**Goal of the exercise**
Give the lines below again exactly, starting with the line that holds "[메이저뉴스]가평군은 오는 16일" and going on through the line that holds "Let $G$ be a".

**Dataset excerpts**
++++
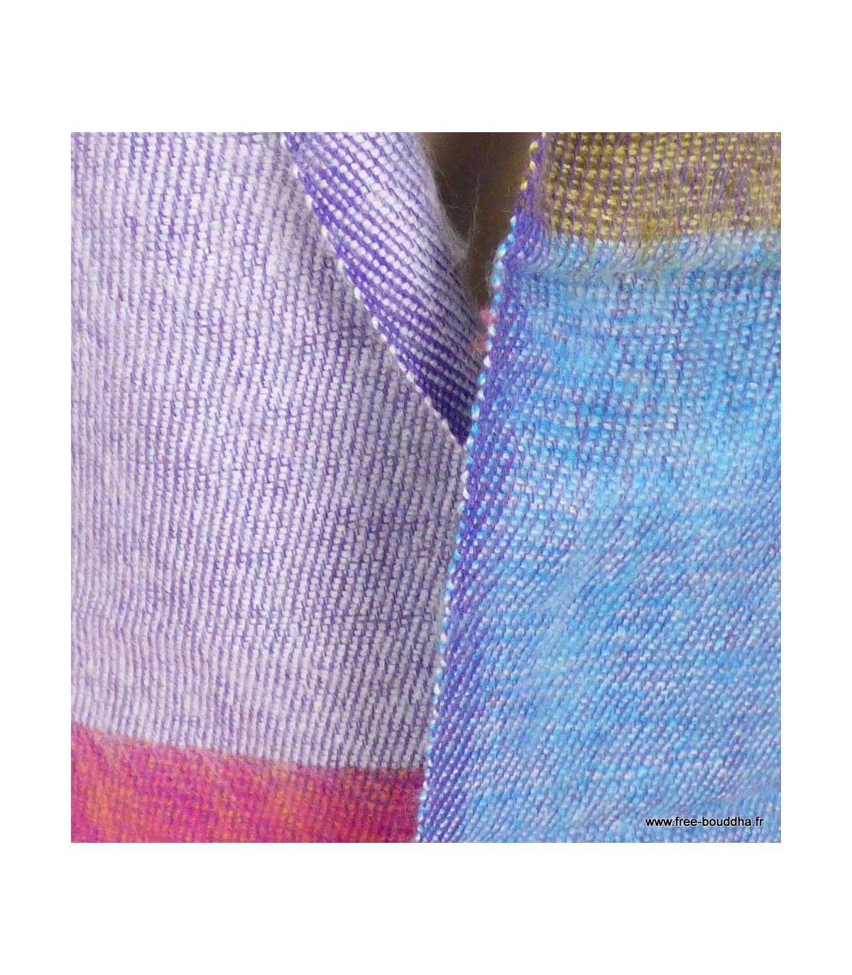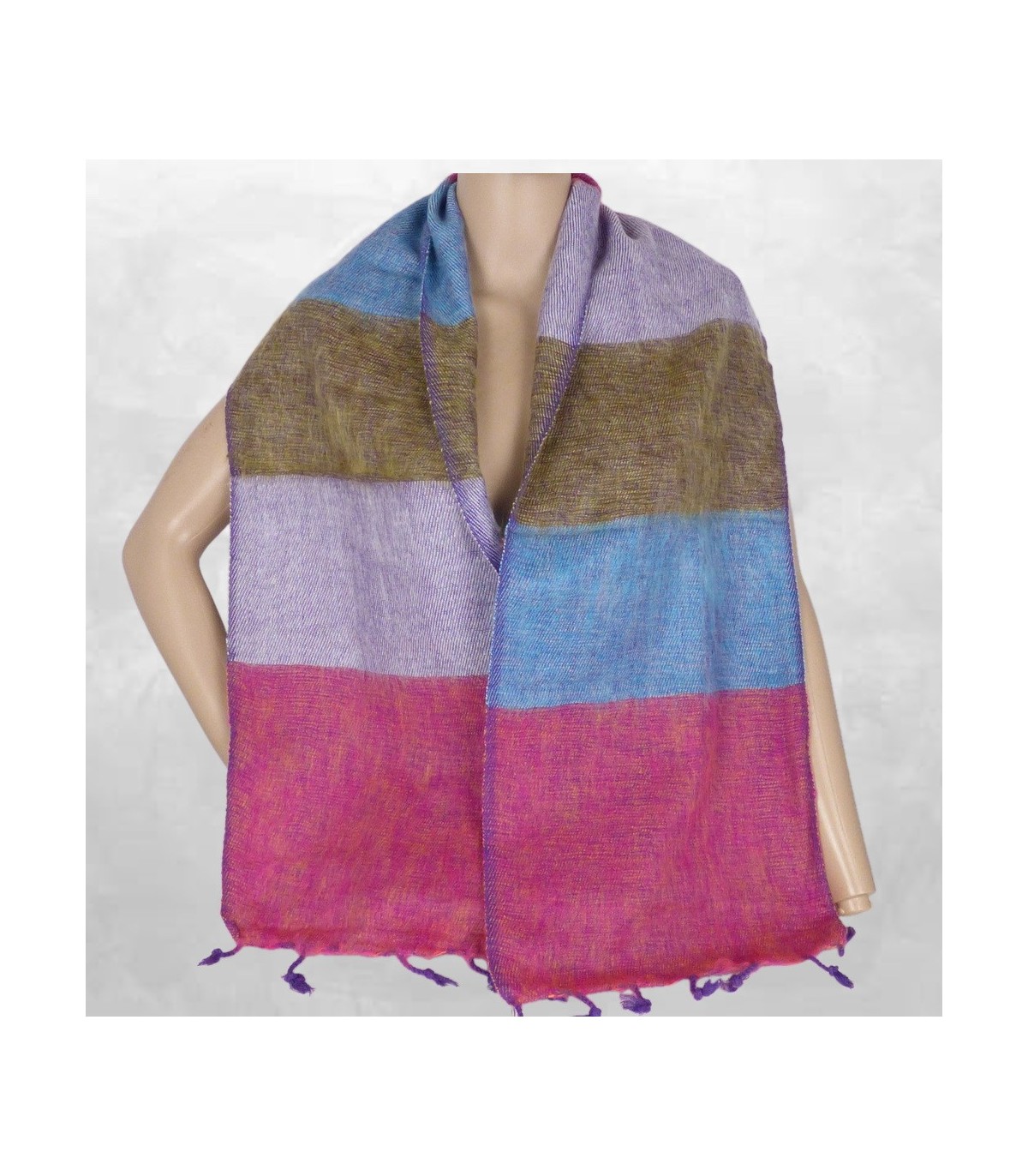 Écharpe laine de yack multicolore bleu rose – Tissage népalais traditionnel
++++
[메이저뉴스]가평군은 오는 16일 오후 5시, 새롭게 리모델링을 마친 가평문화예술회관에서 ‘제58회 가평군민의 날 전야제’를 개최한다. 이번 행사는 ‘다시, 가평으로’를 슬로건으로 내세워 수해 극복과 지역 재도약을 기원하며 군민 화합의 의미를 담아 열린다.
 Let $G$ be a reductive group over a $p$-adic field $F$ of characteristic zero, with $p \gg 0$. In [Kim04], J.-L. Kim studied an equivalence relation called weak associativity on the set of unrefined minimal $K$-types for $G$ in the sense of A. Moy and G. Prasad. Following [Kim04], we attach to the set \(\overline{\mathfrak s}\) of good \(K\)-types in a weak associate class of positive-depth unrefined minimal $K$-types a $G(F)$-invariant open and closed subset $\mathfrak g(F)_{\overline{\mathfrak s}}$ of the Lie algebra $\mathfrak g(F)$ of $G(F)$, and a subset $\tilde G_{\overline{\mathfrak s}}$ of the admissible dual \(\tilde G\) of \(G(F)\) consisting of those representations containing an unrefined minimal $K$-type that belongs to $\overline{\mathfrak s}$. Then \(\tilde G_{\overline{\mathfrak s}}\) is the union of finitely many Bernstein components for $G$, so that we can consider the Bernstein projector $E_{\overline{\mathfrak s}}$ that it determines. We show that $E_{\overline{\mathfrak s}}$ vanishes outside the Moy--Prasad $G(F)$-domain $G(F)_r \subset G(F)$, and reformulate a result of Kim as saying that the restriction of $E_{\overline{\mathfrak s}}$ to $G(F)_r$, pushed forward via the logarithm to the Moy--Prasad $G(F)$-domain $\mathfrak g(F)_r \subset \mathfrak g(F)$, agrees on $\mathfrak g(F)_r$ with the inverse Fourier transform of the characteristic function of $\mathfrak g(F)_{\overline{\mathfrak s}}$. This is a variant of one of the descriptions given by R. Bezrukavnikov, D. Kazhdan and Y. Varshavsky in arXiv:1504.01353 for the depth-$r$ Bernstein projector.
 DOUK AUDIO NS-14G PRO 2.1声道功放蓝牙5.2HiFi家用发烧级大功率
++++
**Exercise response**
[메이저뉴스]가평군은 오는 16일 오후 5시, 새롭게 리모델링을 마친 가평문화예술회관에서 ‘제58회 가평군민의 날 전야제’를 개최한다. 이번 행사는 ‘다시, 가평으로’를 슬로건으로 내세워 수해 극복과 지역 재도약을 기원하며 군민 화합의 의미를 담아 열린다.
 Let $G$ be a reductive group over a $p$-adic field $F$ of characteristic zero, with $p \gg 0$. In [Kim04], J.-L. Kim studied an equivalence relation called weak associativity on the set of unrefined minimal $K$-types for $G$ in the sense of A. Moy and G. Prasad. Following [Kim04], we attach to the set \(\overline{\mathfrak s}\) of good \(K\)-types in a weak associate class of positive-depth unrefined minimal $K$-types a $G(F)$-invariant open and closed subset $\mathfrak g(F)_{\overline{\mathfrak s}}$ of the Lie algebra $\mathfrak g(F)$ of $G(F)$, and a subset $\tilde G_{\overline{\mathfrak s}}$ of the admissible dual \(\tilde G\) of \(G(F)\) consisting of those representations containing an unrefined minimal $K$-type that belongs to $\overline{\mathfrak s}$. Then \(\tilde G_{\overline{\mathfrak s}}\) is the union of finitely many Bernstein components for $G$, so that we can consider the Bernstein projector $E_{\overline{\mathfrak s}}$ that it determines. We show that $E_{\overline{\mathfrak s}}$ vanishes outside the Moy--Prasad $G(F)$-domain $G(F)_r \subset G(F)$, and reformulate a result of Kim as saying that the restriction of $E_{\overline{\mathfrak s}}$ to $G(F)_r$, pushed forward via the logarithm to the Moy--Prasad $G(F)$-domain $\mathfrak g(F)_r \subset \mathfrak g(F)$, agrees on $\mathfrak g(F)_r$ with the inverse Fourier transform of the characteristic function of $\mathfrak g(F)_{\overline{\mathfrak s}}$. This is a variant of one of the descriptions given by R. Bezrukavnikov, D. Kazhdan and Y. Varshavsky in arXiv:1504.01353 for the depth-$r$ Bernstein projector.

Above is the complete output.